Statistical distribution of the randomly generated starting models by PSO. The average data distance (a), the standard deviation (b) and the minimum data distance (c) of the solution candidates at initialization

Then each solution candidate is refined according to Eqs. (10), (11) in 100 iteration steps and then the algorithm is switched to a linearized optimization phase to find the solution of the inverse problem in 15 more iteration steps. The data distance converges to the optimal value in all 10 independent runs (Fig. 8), which concurs with the findings that metaheuristic methods can be effectively applied to eliminate the starting model dependence of inverse problems (Pace et al. 2019).

Fig. 8
figure 8

Convergence plots of the PSO-initialized interval inversion procedure for 10 independent program runs

It is our experience that once the data distance is adequately small (~ 15%), the optimization can be continued by a faster linearized algorithm to find the final solution of the series expansion coefficients without trapping in a local minimum. Here the average data distance reached at the end of the procedure is 5.22% with a standard deviation of only 0.0027%. This proves the applicability and the effectiveness of the suggested hybrid method for solving the wireline logging inverse problem.

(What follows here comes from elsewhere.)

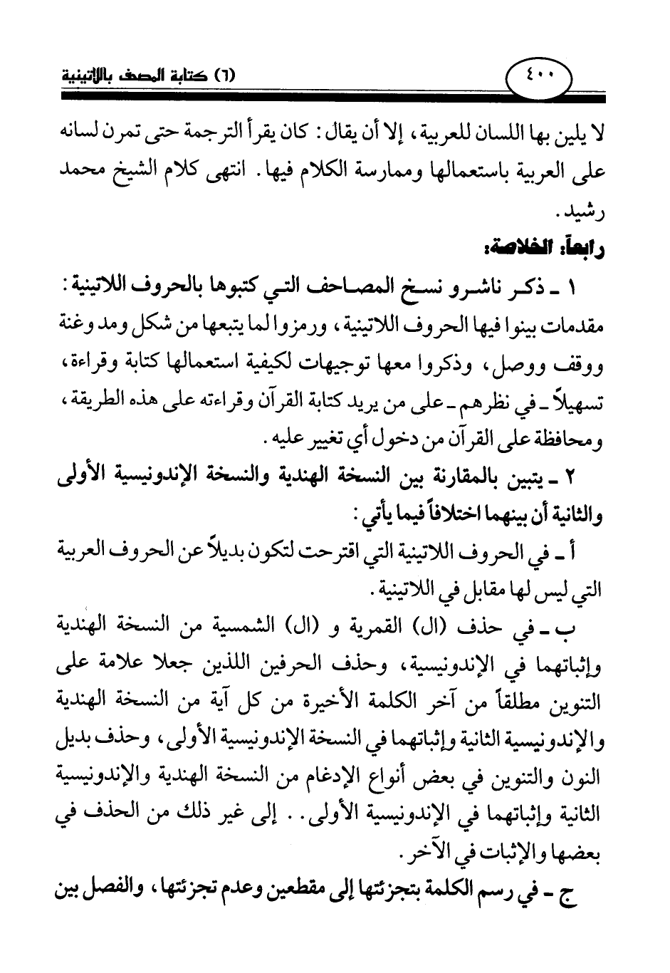لا يلين بها اللسان للعربية، إلا أن يقال: كان يقرأ الترجمة حتى تمرن لسانه على العربية باستعمالها وممارسة الكلام فيها. انتهى كلام الشيخ محمد رشيد.

However, since PSO is a metaheuristic, the presented method could be applied to a wide range of optimization problems where setting an initial model is problematic, e.g., a similar two-step process was effectively applied for full-waveform inversion, where very fast simulated annealing was combined with a conventional gradient-based method (Datta and Sen 2016).

7 Conclusions

The suggested PSO-based metaheuristic approach for solving the series expansion-based interval inversion of well log data proves to be quick and effective. The starting model dependence of the procedure is virtually eliminated by PSO and the switch to the linearized DLSQ method near the optimum greatly reduces the runtime of the inversion and allows for the calculation of estimation errors. It is shown that the factor analysis derived shale volume can be successfully incorporated into the interval inversion method to increase its data-to-unknowns ratio, and thus improving the estimation accuracy of the estimated petrophysical parameters. Factor analysis was also improved by the use of the highly adaptive PSO method. A 56.3% increase in the overdetermination ratio results in a 9.2% improvement in the estimation accuracy of porosity, 33.9% improvement of water saturation in the virgin zone and 30.6% improvement of the water saturation in the flushed zone. These parameters are the basis for calculating movable hydrocarbons, therefore their most reliable estimation is of crucial importance. The increased overdetermination ratio also gives the possibility to automatically estimate the value of some zone parameters within inversion, while still maintaining a good level of resolution of the estimated model parameters. The suggested procedure to increase the overdetermination of the well logging inverse problem might be very effectively used for unconventional reservoirs where multi-mineral models need to be built and therefore the number of unknowns is considerably higher than in case of conventional reservoirs.